Das Benediktbeurer Rezeptar – Klosterheilkunde aus dem Mittelalter – Kräutergeschichte aus der Region. Im Mittelalter prägten Klöster die abendländische Arzneikunde. Nonnen und Mönche kultivierten in Klostergärten Gemüse, Gewürze, Arzneikräuter sowie Zierpflanzen und verfassten Bücher über deren heilsame Wirkung (Hildegard von Bingen). Häufig übernahmen die Klöster die gesamte medizinische Versorgung: Neben der Funktion des Arztes und Pflegers, hatten sich damals gleichzeitig das Amt des Apothekers inne. Die Weitergabe dieses medizinischen und pharmazeutischen Wissens blieb zunächst auf die Abteien beschränkt, da es im lateinischer Sprache niedergeschrieben war. Um die Pflanzenheilkunde auch der örtlichen Bevölkerung zugänglich zu machen, übersetzten einzelne Mönche im Laufe des Mittelalters die heilkundlichen Werke oder Teile davon, ins Mittelhochdeutsche. Daraus entstand das sogenannte "Benediktbeurer Receptar". Es ist eine der ältesten erhaltenen medizinischen Handschriften aus dem bayerischen Raum, die im 13. Jh. verfasst wurden. Einzelne darin enthaltene Rezepte sind wesentlich älter. Im Kräuter-Erlebnis-Park gibt es Beete mit den Pflanzen des Receptars. Der Grundriss des Meditationsgartens an der Westseite der Klosteranlage orientiert sich an dem berühmten Bodenlabyrinth der Kathedrale von Chartres. Ohne Kreuzungen und Sackgassen wird man auf dem 160 m langen Natursteinweg an vier Beetkreisen (Kräuter für alle Sinne, Kräuter die Heilen, Kräuter für die Küche, Symbolkräuter) entlang bis zum Brunnen in der Mitte geleitet. Der Garten regt zu einer intensiven sinnlichen Wahrnehmung der Pflanzen und zur Besinnung an.

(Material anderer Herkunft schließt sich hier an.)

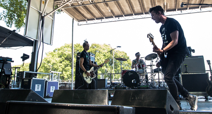 Mid-afternoon, over at the BMI Stage, the members of indie pop band DREAMERS were giving fans a taste of their soon-to-be released debut LP This Album Does Not Exist (due out August 26 via Fairfax Recordings). Members Nick Wold (vocals/guitar), Nelson (bass/vocals), and Jacob Wick (drums) formed the band in Brooklyn, but the trio has since moved to Los Angeles, where they recorded the album. DREAMERS just so happened to be taking over the Best New Bands Twitter account on Sunday, so I was especially excited to see these guys perform. I wasn’t alone. The green was filled with enthusiastic fans, who sang along to songs like “Sweet Disaster” and “Cry Out for Me.” You would never have guessed the band had a late night opening for Third Eye Blind the night before, after witnessing DREAMERS’ fierce afternoon performance. Given the love the trio received and the talent bouncing off the stage, it’s safe to say we’ll be seeing and hearing quite a bit more of DREAMERS! (SH)

Überlastung, Zweifel oder ganz einfach das Bedürfnis, Ruhe zu finden und mit sich selbst ins Reine zu kommen? Im Kloster Benediktbeuern bietet Pater Dr. Boekholt eine besondere Auszeit vom Alltag an – seit 20 Jahren. Vor der Kulisse von Benediktenwand und Herzogstand, in Fußreichweite zum Kochelsee und inmitten des wunderschönen Klosterareals und seiner Gärten empfängt der Salesianer Don Boscos wöchentlich bis zu drei Gäste zu Einzelexerzitien. Je nach Bedarf nimmt er sich Zeit für intensive Einzelgespräche und leitet seine Besucher zu ausgedehnten Streifzügen durch die intakte Natur des Tölzer Landes ein. Daneben bleibt ausreichend Zeit, um die Stille ebenso so genießen wie die einzigartigen Räumlichkeiten des Klosters. Ob weltliche oder geistliche Unklarheiten, Pater Dr. Boekholt versucht alle Fragen im Gespräch zu klären und eine Achtsamkeit anzuregen, die Elemente der Reflexion, Ruhe, Auseinandersetzung und auch des "Sich etwas Gönnens" beinhaltet. Das Angebot ist nach Verfügbarkeit ganzjährig buchbar. Teilnehmer erhalten für rund 50 Euro pro Nacht ein ruhiges Einzelzimmer im Kloster inklusive Halbpension. Die Gespräche sind kostenfrei, können aber gerne durch Spenden für eines der Hilfsprojekte des Ordens honoriert werden.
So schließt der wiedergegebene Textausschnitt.